- _Assigned task_
Begin the copy at the line containing "以上数据仅供参考,与当地金店有所差异,请以实际价格为准。" in the data below and end it at the line containing "Каждое требование содержит", keeping each line exact and leaving out pictures.

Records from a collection
━━━━━━━━

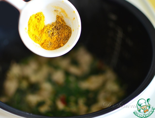 Следом специи (куркуму, кориандр и кумин), перемешать, перевести мультиварку в режим Тушение и тушить около 10 минут.
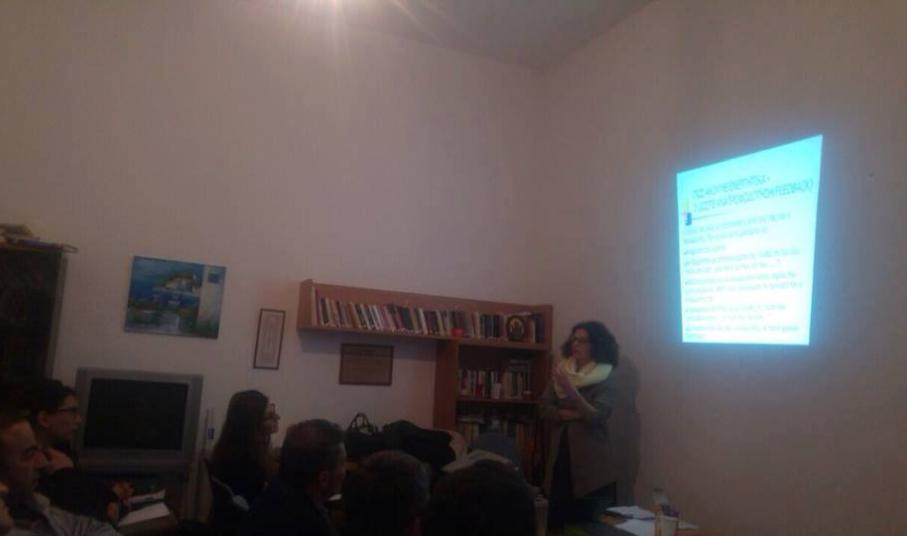Στο πλαίσιο του εκπαιδευτικού σεμιναρίου που πραγματοποιήθηκε στην Καθολική Αρχιεπισκοπή Σύρου, η κοινωνική λειτουργός του Κλιμακίου, Αγγελική Διαμάντη, αρχικά παρουσίασε το έργο και τις δράσεις της Μονάδας.
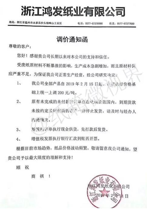 2月14日,浙江鴻發紙業有限公司發布漲價函: 自2019年2月15日起,成品紙價格在原供應價格基礎上上調200元/噸。 原有未完成的未付款的訂單也在此調價范圍內,到期貨款未按約定及時付清的客戶一律停止發貨。 新報的訂單執行現金供貨,先打款后發貨。
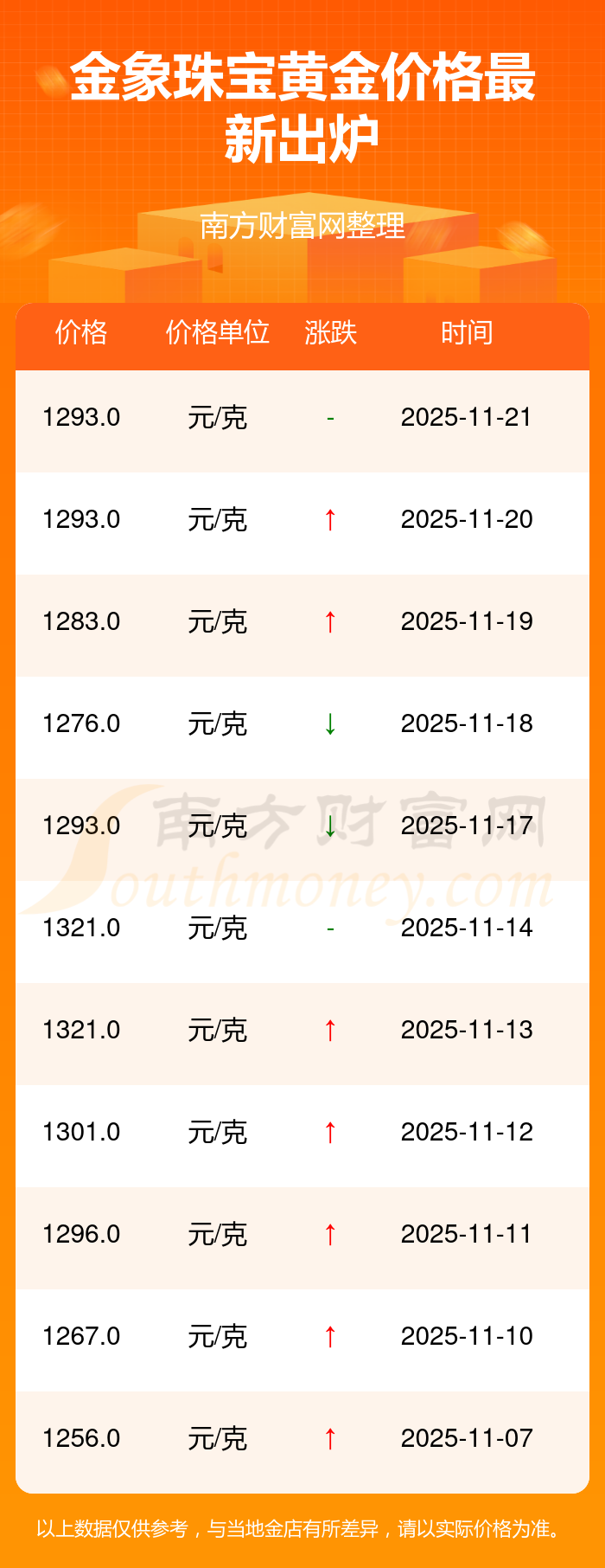 以上数据仅供参考,与当地金店有所差异,请以实际价格为准。
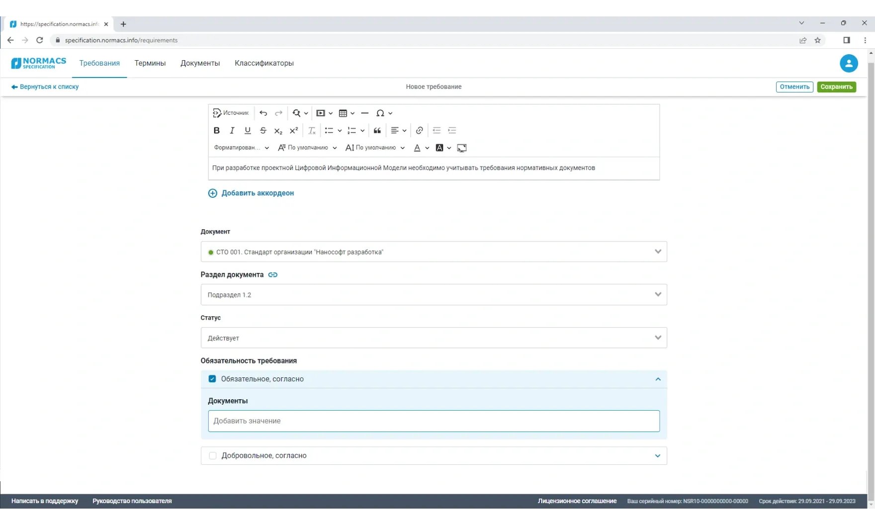 Каждое требование содержит все метаданные документа- источника, включая информацию о статусе, редакции, разработчике. Для обращения к полному тексту документа есть ссылка на системы NormaCS или «Техэксперт»
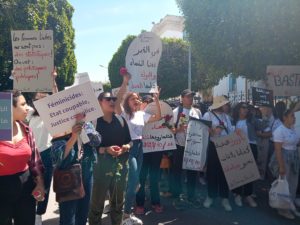 En marge des « funérailles symboliques » organisées, ce vendredi 28 avril, par la Dynamique féministe, les participantes et participants à cette mobilisation, qui a débuté à la place de la Kasbah et s’est dirigée vers le siège du ministère de la Justice, ont appelé à la concrétisation des dispositions de la loi organique n°58 relative à l’élimination de la violence à l’égard des femmes.
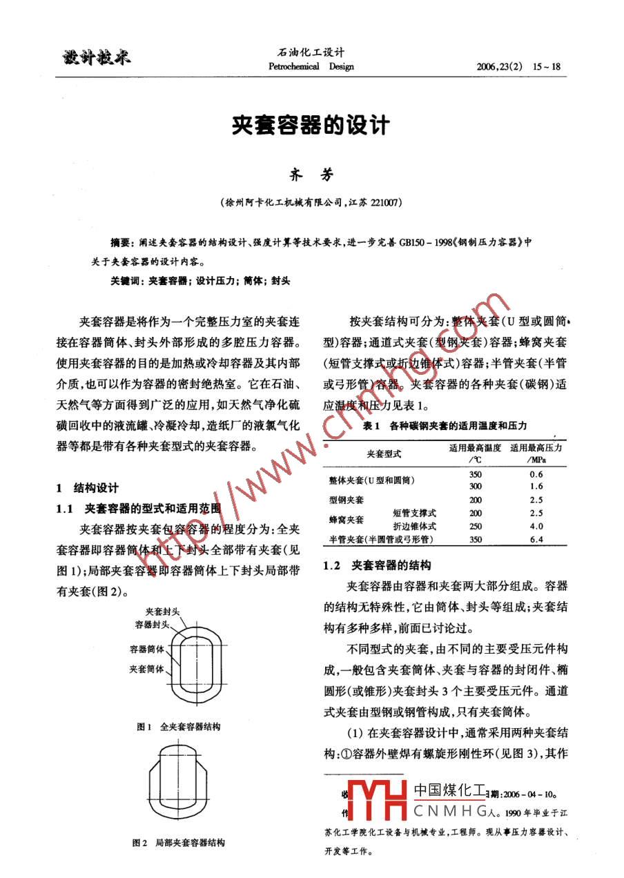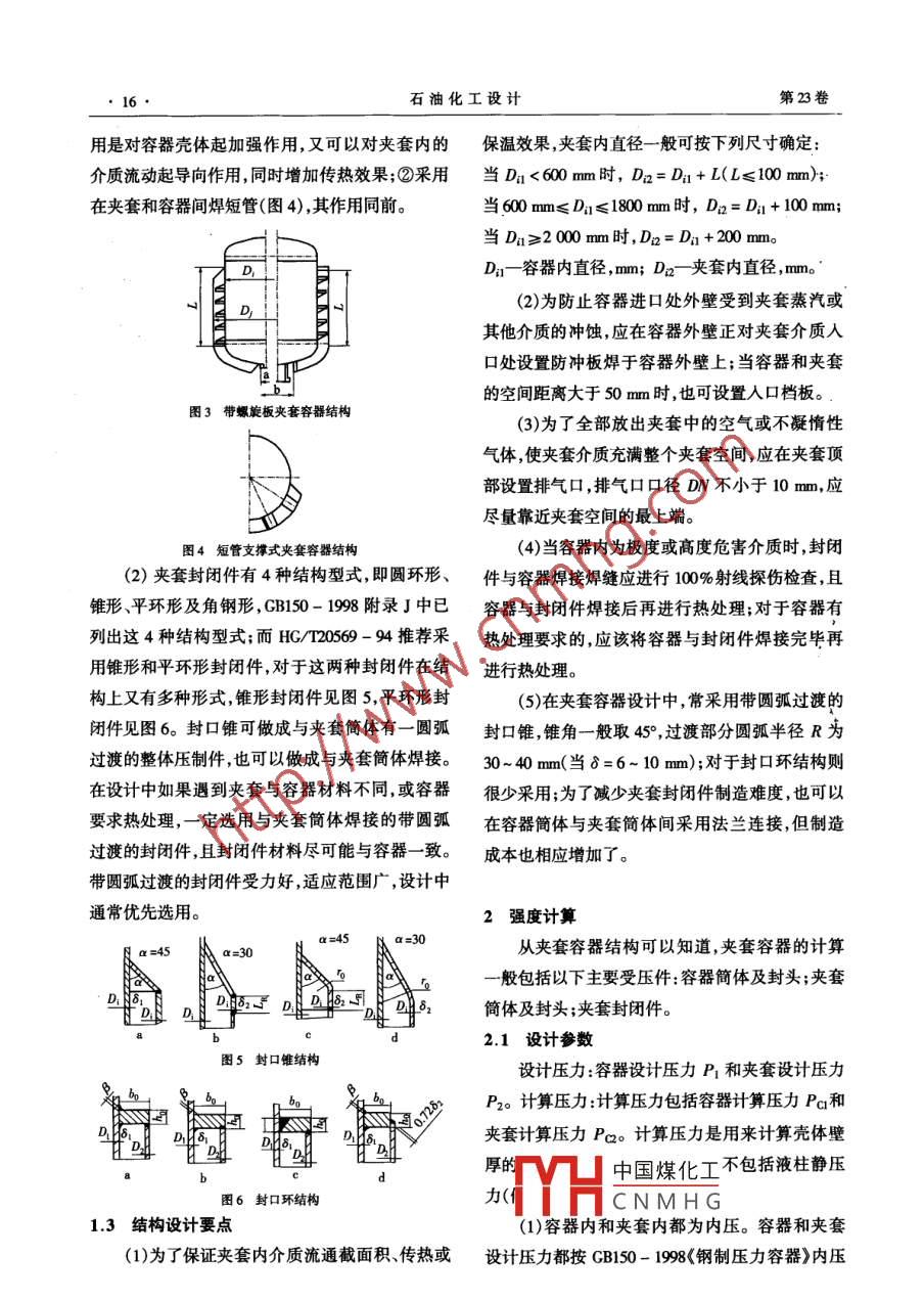 潑計(jì)拔術(shù)石油化工設(shè)計(jì)Petrochemical Design2006,23(2) 15~ 18.夾套容器的設(shè)計(jì)齊芳(徐州阿卡化工機(jī)械有限公司,江蘇221007)摘要:闡述夾套容器的結(jié)構(gòu)設(shè)計(jì)、強(qiáng)度計(jì)算等技術(shù)要求,進(jìn)一步完善GB150- 1998《鋼制壓力容器》中關(guān)于夾套容器的設(shè)計(jì)內(nèi)容。關(guān)鍵詞:夾套容器;設(shè)計(jì)壓力;簡體;封頭夾套容器是將作為一個(gè)完整壓力室的夾套連按夾套結(jié)構(gòu)可分為:整體夾套(U型或圓簡.接在容器筒體、封頭外部形成的多腔壓力容器。型)容器;通道式夾套(型鋼夾套)容器;蜂窩夾套使用夾套容器的目的是加熱或冷卻容器及其內(nèi)部(短管支撐式或折邊錐體式)容器;半管夾套(半管介質(zhì),也可以作為容器的密封絕熱室。它在石油、或弓形管)容器。夾套容器的各種夾套(碳鋼)適天然氣等方面得到廣泛的應(yīng)用,如天然氣凈化硫應(yīng)溫度和壓力見表1?;腔厥罩械囊毫鞴?、冷凝冷卻,造紙廠的液氯氣化表1各種碳鋼夾套的適用溫度和壓力器等都是帶有各種夾套型式的夾套容器。夾套型式適用最高溫度適用最高壓力/9/MPa0.6整體夾套(U型和園簡)1結(jié)構(gòu)設(shè)計(jì)301.型鋼夾套202.51.1夾套容器的型式和適用范圍蜂窩夾套短管支撐式.夾套容器按夾套包容容器的程度分為:全夾折邊錐體式254.套容器即容器筒體和上下封頭全部帶有夾套(見半管夾套(半圓管或弓形管)6.4圖1);局部夾套容器即容器筒體上下封頭局部帶1.2夾套容器的結(jié)構(gòu)夾套容器由容器和夾套兩大部分組成。容器有夾套(圖2)。夾套封頭的結(jié)構(gòu)無特殊性,它由筒體、封頭等組成;夾套結(jié)容器封頭構(gòu)有多種多樣,前面已討論過。容器簡體、不同型式的夾套,由不同的主要受壓元件構(gòu)夾套簡體、成,一般包含夾套簡體、夾套與容器的封閉件、橢圓形(或錐形)夾套封頭3個(gè)主要受壓元件。通道式夾套由型鋼或鋼管構(gòu)成,只有夾套簡體。圖1全夾套容器結(jié)構(gòu) .(1)在夾套容器設(shè)計(jì)中,通常采用兩種夾套結(jié)構(gòu):①容器外壁焊有螺旋形剛性環(huán)(見圖3),其作中國煤化工:2006-04-10:YHC N M H G人。190年畢業(yè)于江蘇化工學(xué)院化工設(shè)備與機(jī)械專業(yè),工程師?,F(xiàn)從事壓力容暴設(shè)計(jì)、圖2局部夾套容器結(jié)構(gòu)開發(fā)等工作。6●石油化工設(shè)計(jì)第23卷用是對(duì)容器殼體起加強(qiáng)作用,又可以對(duì)夾套內(nèi)的保溫效果 ,夾套內(nèi)直徑一般可按下列尺寸確定:介質(zhì)流動(dòng)起導(dǎo)向作用,同時(shí)增加傳熱效果;②采用當(dāng)Da<600 mm時(shí),D2= Da1+ L(L≤100 mm);在夾套和容器間焊短管(圖4) ,其作用同前。當(dāng)600 mm≤Da≤1800 mm時(shí), D2= D; + 100 mm;當(dāng)Du≥2000mm時(shí),D:2=Da+200mm。.D;-容器內(nèi)直徑,mm; Dz-夾套內(nèi)直徑, mmo(2)為防止容器進(jìn)口處外壁受到夾套蒸汽或其他介質(zhì)的沖蝕,應(yīng)在容器外壁正對(duì)夾套介質(zhì)人口處設(shè)置防沖板焊于容器外壁上;當(dāng)容器和夾套E1的空間距離大于50 mm時(shí),也可設(shè)置人口檔板。圖3帶螺旋板夾套容器結(jié)構(gòu)(3)為了全部放出夾套中的空氣或不凝惰性氣體,使夾套介質(zhì)充滿整個(gè)夾套空間,應(yīng)在夾套頂部設(shè)置排氣口,排氣口口徑DN不小于10 mm,應(yīng)盡量靠近夾套空間的最上端。圖4短管支撐式夾套容器結(jié)構(gòu)(4)當(dāng)容器內(nèi)為極度或高度危害介質(zhì)時(shí),封閉(2)夾套封閉件有4種結(jié)構(gòu)型式,即圓環(huán)形、件 與容器焊接焊縫應(yīng)進(jìn)行100%射線探傷檢查,且錐形、平環(huán)形及角鋼形,GCB150 - 1998 附錄J中已容 器與封閉件焊接后再進(jìn)行熱處理;對(duì)于容器有列出這4種結(jié)構(gòu)型式;而HC/T20569 - 94推薦采熱處理要求 的,應(yīng)該將容器與封閉件焊接完畢再用錐形和平環(huán)形封閉件,對(duì)于這兩種封閉件在結(jié)進(jìn)行熱處理。構(gòu)上又有多種形式,錐形封閉件見圖5,平環(huán)形封(5)在夾套容器設(shè)計(jì)中,常采用帶圓弧過渡的閉件見圖6。封口錐可做成與夾套簡體有一圓弧封口錐,錐角一般取45°,過渡部分圓弧半徑R為過渡的整體壓制件,也可以做成與夾套筒體焊接。30~ 40 mm(當(dāng)8 =6 ~ 10 mm);對(duì)于封口環(huán)結(jié)構(gòu)則在設(shè)計(jì)中如果遇到夾套與容器材料不同,或容器很少采用;為了減少夾套封閉件制造難度,也可以要求熱處理,一定選用與夾套簡體焊接的帶圓弧在容器簡體與夾套簡體間采用法蘭連接,但制造過渡的封閉件,且封閉件材料盡可能與容器- -致。 .成本也相應(yīng)增加了。帶圓弧過渡的封閉件受力好,適應(yīng)范圍廣,設(shè)計(jì)中通常優(yōu)先選用。2強(qiáng)度計(jì)算凡a=45a=30a=45從夾套容器結(jié)構(gòu)可以知道,夾套容器的計(jì)算- -般包括以下主要受壓件:容器簡體及封頭;夾套); 8D過D簡體及封頭;夾套封閉件。2.1設(shè)計(jì)參數(shù)圖5封口錐結(jié)構(gòu)設(shè)計(jì)壓力:容器設(shè)計(jì)壓力P和夾套設(shè)計(jì)壓力b.P2。計(jì)算壓力:計(jì)算壓力包括容器計(jì)算壓力Pa和夾套計(jì)算壓力Pa。計(jì)算壓力是用來計(jì)算殼體壁厚的中國煤化工不包括液柱靜壓d圖6封口環(huán)結(jié)構(gòu)MYHCNMHG1.3 結(jié)構(gòu)設(shè)計(jì)要點(diǎn)(1)容器內(nèi)和

━━━━━━━━

- _Exercise response_
 以上数据仅供参考,与当地金店有所差异,请以实际价格为准。
 Каждое требование содержит все метаданные документа- источника, включая информацию о статусе, редакции, разработчике. Для обращения к полному тексту документа есть ссылка на системы NormaCS или «Техэксперт»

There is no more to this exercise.